研究
【海洋学部】「三保サーモン」本格販売開始
6次産業モデルで新名物を開発
東海大学が、静岡市や日建リース工業㈱などと研究開発を進める「三保サーモン」の本格販売がスタート。昨年12月17日に、静岡市・ホテルクエスト清水で記者発表会が開かれた。三保サーモンは駿河湾の地下海水を用いて養殖されており、海水をくみ上げる時点では酸素をほとんど含まないため、アニサキスをはじめとした寄生虫症の心配がない。また、加工・消費地の近くで周年生産されるため、鮮度管理や消費機会に応じた安定提供を可能としている。同事業には代表機関の日建リース工業をはじめ、回転ずしチェーン「かっぱ寿司」などを運営するコロワイドグループといった民間企業が参画。海洋学部と静岡市も加わった6次産業モデル=Key Word参照=で推進している。東海大は、30年以上にわたって駿河湾の地下海水を使った養殖方法の研究に取り組む秋山信彦教授や、水産加工学、機能性食品学が専門の平塚聖一教授を中心に、養殖環境整備や商品開発に協力している。2020年10月には清水区三保にある東海大の敷地内に、日建リース工業が「三保地下海水養殖センター」を設立。翌月から養殖が始まり、現在も研究を進めながら21年度に20トン、22年度には30トンの生産を目指している。
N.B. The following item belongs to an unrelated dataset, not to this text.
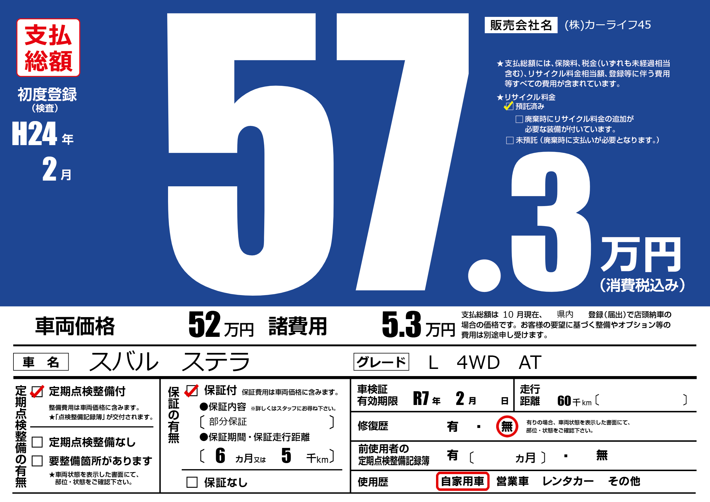 | 車検制限 | R7年 2月 - 日 | ||

記者会見では各機関の代表者が登壇し、日建リース工業代表取締役社長の関山正勝氏らが事業概要を説明した。山田清志学長は、「サーモンは世界中で需要が高い。静岡県はもちろん、日本の名産品になることを期待し、今後も研究開発に貢献していきます」とあいさつした。会見後には、試食会や養殖センターの見学会も行われた。秋山教授は、「安定的かつ効率的な養殖法を探りながら他種の養殖にもチャレンジし、今後も地域活性化に貢献していく」と話している。